EXERCISE =>
Locate the line containing "Samsun, Bafra ve" in the entries below, then retype it and every later line exactly, leaving out pictures.

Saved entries

------------------------

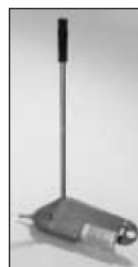
نمونه بردار دستی
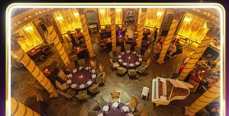
ทานอาหารสุดหรู ภัตตาคาร Turandot
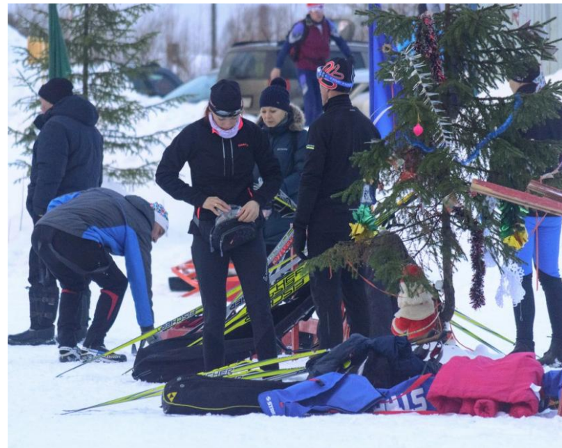
Команда Вуктыльского ЛПУМГ
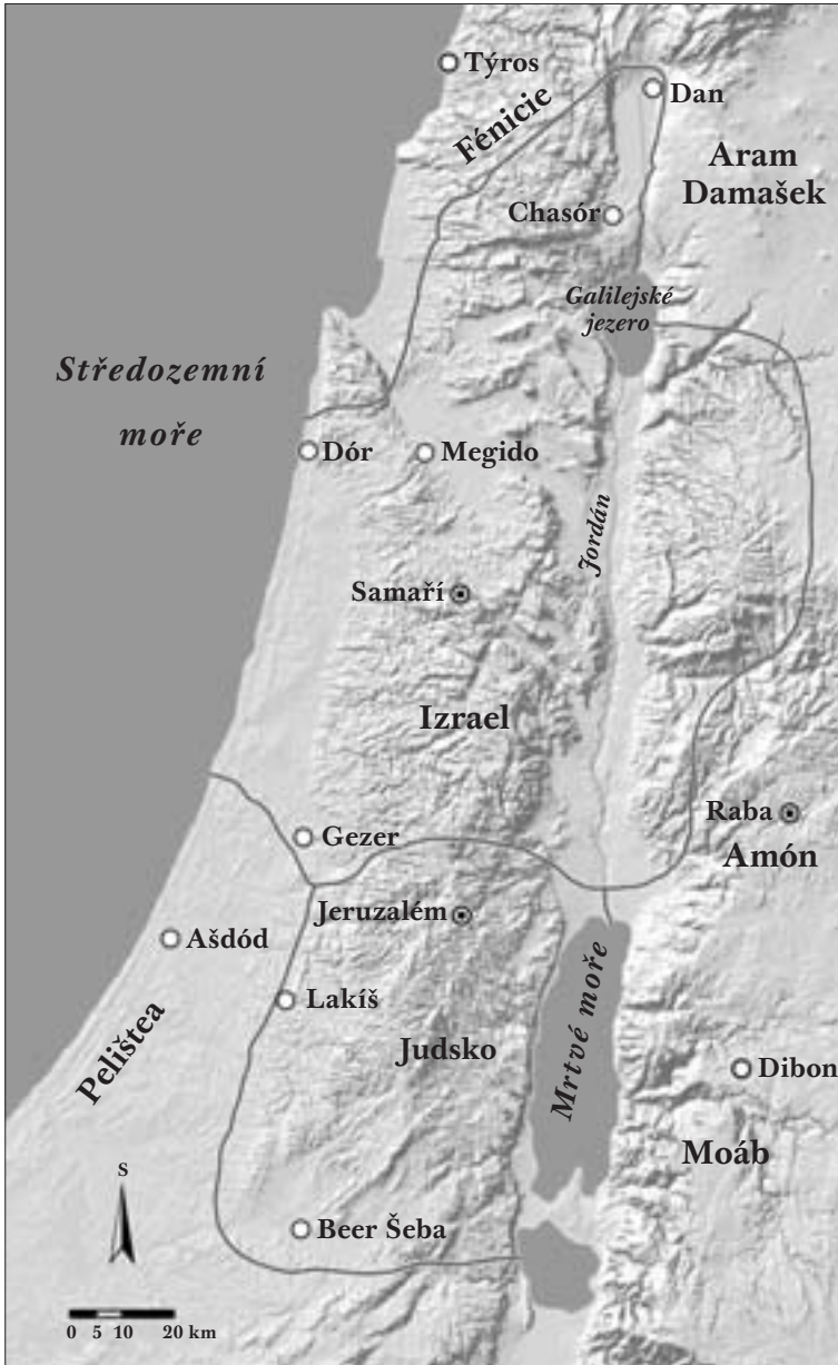
Obr. 1: Mapa Izraele a Judska v 8. století př. n. l.

[16]..... Proč psát knihu o severním království?
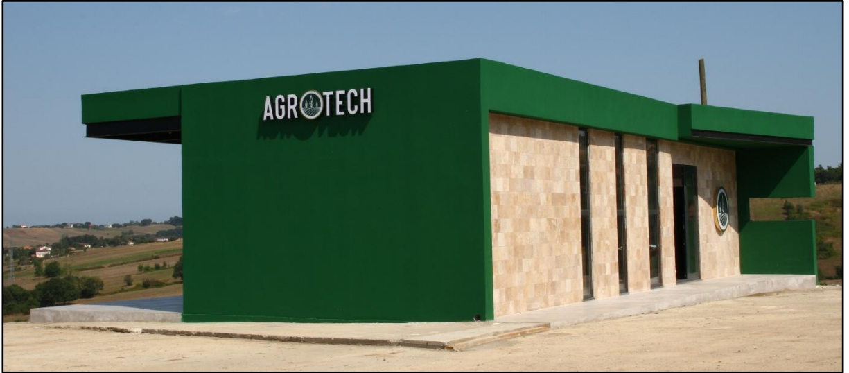
Samsun, Bafra ve Ondokuz Mayıs Tarım Arazileri

Üretim tesisimizde 2 katlı lojman, 4 katlı idare binası, 3 adet soğuk hava deposu, kanal ve servis yolu bulunmaktadır. Bunun yanı sıra 80.000 ton kapasiteli sulama havuzumuz ile üretim süreçlerini destekliyoruz.
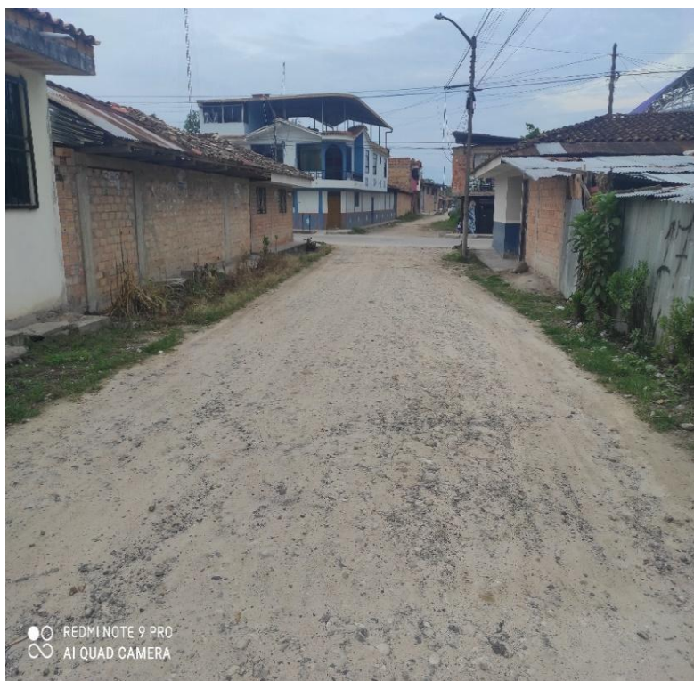
Jr. Ricardo Palma C 06 – En esta imagen también se puede observar la deficiencia de cunetas para el drenaje de aguas pluviales optimas.
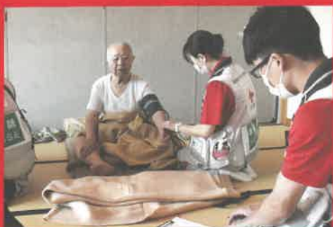
医療チームの活動(令和5年7月大雨災害)

令和6年能登半島地震(巡回診療に向かう救護員)

------------------------

TASK ANSWER =>
Samsun, Bafra ve Ondokuz Mayıs Tarım Arazileri

Üretim tesisimizde 2 katlı lojman, 4 katlı idare binası, 3 adet soğuk hava deposu, kanal ve servis yolu bulunmaktadır. Bunun yanı sıra 80.000 ton kapasiteli sulama havuzumuz ile üretim süreçlerini destekliyoruz.
Jr. Ricardo Palma C 06 – En esta imagen también se puede observar la deficiencia de cunetas para el drenaje de aguas pluviales optimas.
医療チームの活動(令和5年7月大雨災害)

令和6年能登半島地震(巡回診療に向かう救護員)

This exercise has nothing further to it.